ADAMS: Well, it wasn’t a performing piece. It lived on a on a reel of scotch tape so, you know, if you came over to my apartment and we had a couple of joints, you could experience it there. [chuckles]
CUNO: Probably under the circumstances that’s probably how you should have experience it. [chuckles]
[“Heavy Metal” clip]
So you do pick up and leave after two years of graduate school, I think, out to San Francisco. What was your intention of going?
ADAMS: You know, I’d spent my entire life living in New England. I’d never been out of New England. I’d maybe gone to New York once or twice for brief trips and I’d never been to Europe. And part of the reason was that, you know, the Vietnam War was hanging over me for almost all the time I was in college. In those days if you dropped out of college you would immediately hear from your draft board.
So when I finally was free of that threat, I’d been reading—I read Henry Miller’s book about Big Sur. And I read Jack Kerouac and Allen Ginsberg and I just decided I wanted to go to San Francisco. I didn’t know anybody there, but California just seemed like sufficiently far away from the East Coast and from everything I’d grown up with. So I left with the woman that was then my first wife and we drove across the country in a dilapidated Volkswagen Beetle, which kept breaking down. And I expected to maybe live there for six months or something, and in fact I never went back.
CUNO: But a friend of yours made a contact and I think it was Ivan Tcherepnin—
ADAMS: That’s right.
CUNO: —who was a composer also teaching at Harvard or maybe assisting teaching at Harvard. And he puts you into contact with some of the San Francisco Conservatory of Music, which led to your teaching position there and your being head of the New Music Ensemble. Is that more or less right?
ADAMS: That’s right. The only job that I could find was working in a warehouse on the waterfront in Oakland.
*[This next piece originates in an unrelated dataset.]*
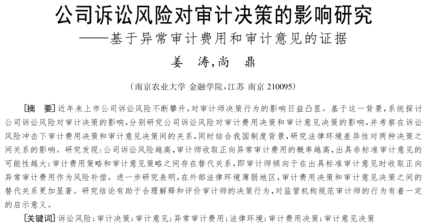 参考文献:[1]姜涛,尚鼎.公司诉讼风险对审计决策的影响研究——基于异常审计费用和审计意见的证据[J].南京审计大学学报,2020,17(03):13-22.

So I actually had to join the Teamsters Union and I had the grandiose title of being a lumper. And lumper was these poor souls that had to go into these big containers and actually by hand pull out whatever goods were in them and put them on pallets, which would then be driven off to various parts of the warehouse on a forklift.
And I remember that while I was doing that, thinking well I couldn’t do this much longer and I was reluctantly realizing I’d have to go back to Harvard and get a Ph.D. I got a phone call. From my friend Ivan Tcherepnin who said that there was a job opening at the San Francisco Conservatory, which was a very small school at that time, housed in a building that had been a home for unwed mothers out in the sunset and in outer San Francisco. So I went in and interviewed for the job and the president, whose name was Milton Salkind, was clearly looking for a bargain and he saw a good bargain in me because here I was working for four dollars an hour as a lumper and, you know, I had two degrees from Harvard and a fair past as a performer and had played as a substitute with the Boston Symphony Orchestra. So he took it he took a risk and I ended up staying there for ten years.
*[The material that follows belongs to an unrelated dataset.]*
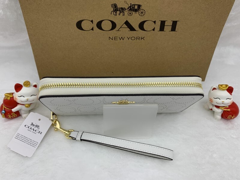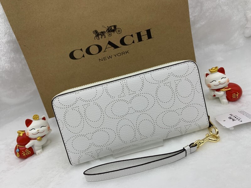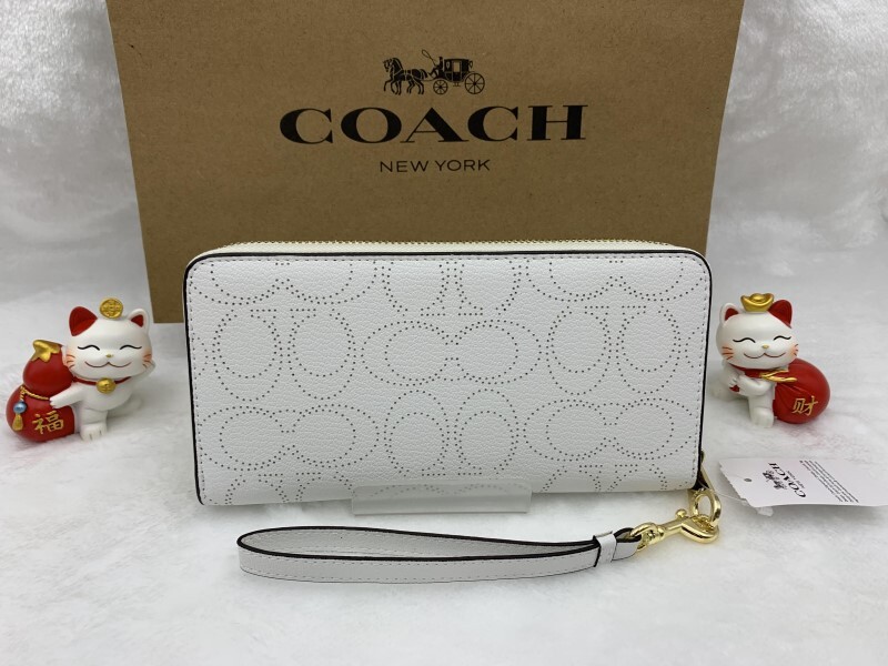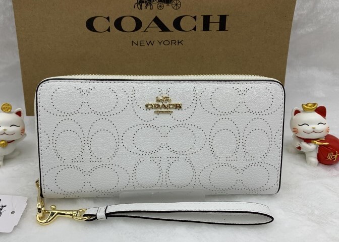ホワイトの無地レザーにシグネチャー総柄がパンチング加工されたラウンドファスナー長財布です。

CUNO: I moved to San Francisco in 1973 and I was interested in the world of which you were a part. And the first time I saw you—I didn’t meet you at the time—was at the San Francisco Conservatory of Music at a performance of the New Music Ensemble. And I was impressed by the ambition, I was impressed by the numbers of students you had, and I knew vaguely about the culture of the region, the role of Mills College. What was it like then for you as a young budding composer? Was it helpful, was it exciting, was it encouraging?
ADAMS: You know, I think in retrospect the most important thing was that even though I knew the classical canon—Beethoven, Stravinsky, Wagner—and I loved it, I viewed myself as a renegade. You know, a real outlaw, and that there was a community of avant-garde composers. I guess John Cage was sort of the pater familias of it, which included, you know, people like Robert Ashley at Mills College and Alvin Lucier, who I think at that time taught at Wesleyan, and Gordon Mumma, and further afield, people in Europe. And, you know, it was a very kind of free-form society of experimental music and—with the emphasis on experiment. Cage had sort of given us license to consider almost any kind of experience that involves sound as a concert or as music. And I would say probably in retrospect most of what we did I think had very minimal value, but it was it was fun and it was also very much a period, you know, it was just the zeitgeist of the early ’70s. And then, you know, it’s funny because like within seven or eight years, minimalism kind of came in and, you know, it was a more organized approach to music and it drew audiences with much more intensity.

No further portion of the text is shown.